Four hydrological parameters were calculated: average duration of yearly inundation (flood), height above mean water level (hMW), distance to the riverbank (distance), and average hydrological distance (flowpath). The average duration of yearly inundation (flood) of the sampling year (2017) and the last 5 and 30 years (yr) before sampling were derived using averaged yearly summations of the daily inundation information for each plot in all six study areas, calculated in MATLAB. Floodplains are characterized by the rise and fall of the water table of the alluvial aquifer which is coherent with that of the river channel (Krause et al., 2007; Stanford, 2007). This is reflected by overland inundation from the river channel to the floodplain when bank full conditions are exceeded, but also by flooding from below ground through the filling of the alluvial aquifer (Stanford, 2007). Based on this, for modeling purposes, plots with an elevation below the current river water level were assumed to be inundated. Data were based on the daily water levels of the adjacent gauge of the 30 years prior to sampling, from the Federal Waterways and Shipping Administration (WSV), provided by the German Federal Institute of Hydrology (BfG). The water level fluctuations of the most adjacent gauge were linearly transferred to the digital elevation model (DEM) of the study area, using a real-time water level difference between gauge and study area. This data was also used to calculate the height above the mean water level, which resulted from the difference between the plots’ height above sea level and the mean water level. The distance to the riverbank describes the shortest distance between each plot and the riverbank and was derived using proximity- and contour-tools in ArcGIS 10.7.1 (ESRI, 2011). To cover the supply of nutrients from the river water as a key element for the denitrification process, the hydrological distance (flowpath) as an important measure for connectivity was considered. It was defined as the length of the shortest surface path that the river water takes to a single plot in the floodplain.
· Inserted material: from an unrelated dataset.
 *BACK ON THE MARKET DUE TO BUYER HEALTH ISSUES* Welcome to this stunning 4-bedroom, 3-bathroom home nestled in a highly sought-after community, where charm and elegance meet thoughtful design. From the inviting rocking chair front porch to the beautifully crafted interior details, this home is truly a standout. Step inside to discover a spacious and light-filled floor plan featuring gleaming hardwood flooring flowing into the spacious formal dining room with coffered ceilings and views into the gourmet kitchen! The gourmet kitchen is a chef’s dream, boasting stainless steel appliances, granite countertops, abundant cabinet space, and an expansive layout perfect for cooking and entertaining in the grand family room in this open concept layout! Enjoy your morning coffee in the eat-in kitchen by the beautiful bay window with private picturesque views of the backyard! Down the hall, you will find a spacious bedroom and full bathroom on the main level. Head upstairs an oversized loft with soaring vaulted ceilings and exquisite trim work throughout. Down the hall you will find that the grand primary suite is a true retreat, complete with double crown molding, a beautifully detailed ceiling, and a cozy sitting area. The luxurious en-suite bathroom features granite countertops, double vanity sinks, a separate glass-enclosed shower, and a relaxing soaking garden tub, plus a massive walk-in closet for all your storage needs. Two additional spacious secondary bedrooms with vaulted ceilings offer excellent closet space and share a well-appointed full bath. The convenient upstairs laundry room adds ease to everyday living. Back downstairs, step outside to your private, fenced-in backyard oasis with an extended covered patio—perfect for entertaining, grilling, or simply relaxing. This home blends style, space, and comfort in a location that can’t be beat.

It was derived using the flow accumulation approach on the gridded DEMs of the floodplain areas and calculated using the TopoToolbox 2 (Schwanghart and Scherler, 2014) in MATLAB version 9.6.0. (MATLAB, 2019) (see example Figure 2).
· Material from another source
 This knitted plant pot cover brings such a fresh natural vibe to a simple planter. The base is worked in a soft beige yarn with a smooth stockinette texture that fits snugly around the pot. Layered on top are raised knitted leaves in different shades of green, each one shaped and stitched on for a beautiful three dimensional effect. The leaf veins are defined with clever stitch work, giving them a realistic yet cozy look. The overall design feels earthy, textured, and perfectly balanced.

Potential denitrification rates (DP in ng N g⁻¹ h⁻¹, see Potential Denitrification) from individual soil samples were converted to plot-DP in mg N m⁻² h⁻¹ using plot soil volume of 0.8 m³ (2 m × 2 m x 0.2 m, see Field Sampling) and measured dry bulk densities (in g cm⁻³, see Soil Physical and Chemical Parameters). We based our area-wide estimation of floodplain denitrification (in kg N ha⁻¹ a⁻¹) on flooding patterns. Flooding represents optimized conditions for denitrification, as the inflowing river water facilitates both soil saturation and the availability of reactants for heterotrophic denitrification (carbon and nitrate) (Hill et al., 2000). Thus, individually estimated soil DP (in N m⁻² d⁻¹) can be upscaled to the potential denitrification capacity of a whole floodplain by multiplying it with average inundation days. To analyze the influence of long-term changing flooding dynamics, we used average inundation days based on the last 30 and 5 years for comparison (calculation see Hydrological Calculations).
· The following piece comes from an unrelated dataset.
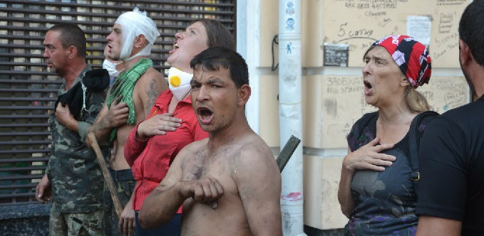 Как и всегда на подобных митингах, «активисты» портят имущество и вид городских улиц. Время акции было выбрано довольно странное: уже вечер, и вряд ли Медведчук находится в офисе.

Due to the detected non-normality with Shapiro-Wilk tests, non-parametric methods were used for the analyses. Potential denitrification, inundation, and soil properties (chemical and physical) were compared between floodplains using Mann Whitney U tests. A correlation analysis (Spearman’s rank) was used to characterize the relationships between responding (DP, DPR) and predicting variables (e.g., pH, flowpath). The diversity of the study areas required the detection of spurious correlations caused by strongly correlating predicting variables in order to interpret and identify actual explanatory factors. Based on the Spearman’s rank correlation, a subset of predicting variables (pH, flowpath, Nmin and FC) were used in a multivariate regression approach based on PLS (partial least squares) regression (Wold et al., 2001), taking DP and DPR as responding variables. Somehow, this method is related to a principal component regression and robust against collinearity in predicting variables because it incorporates the covariance structure between the variables. The regression model is evaluated by using R², a predicting variable ranking (magnitude of influence) and by defining the direction of each influence with a coefficient (coeff). VIP (variable importance in projection) is used for the ranking and only VIPs >1 are counted as being important (Trauth et al., 2018). For the PLS regression, variables were log-normalized, when bivariate relations showed a clear non-linear behavior. All analyses were performed in RStudio Version 1.2.1335 (R Core Team, 2019).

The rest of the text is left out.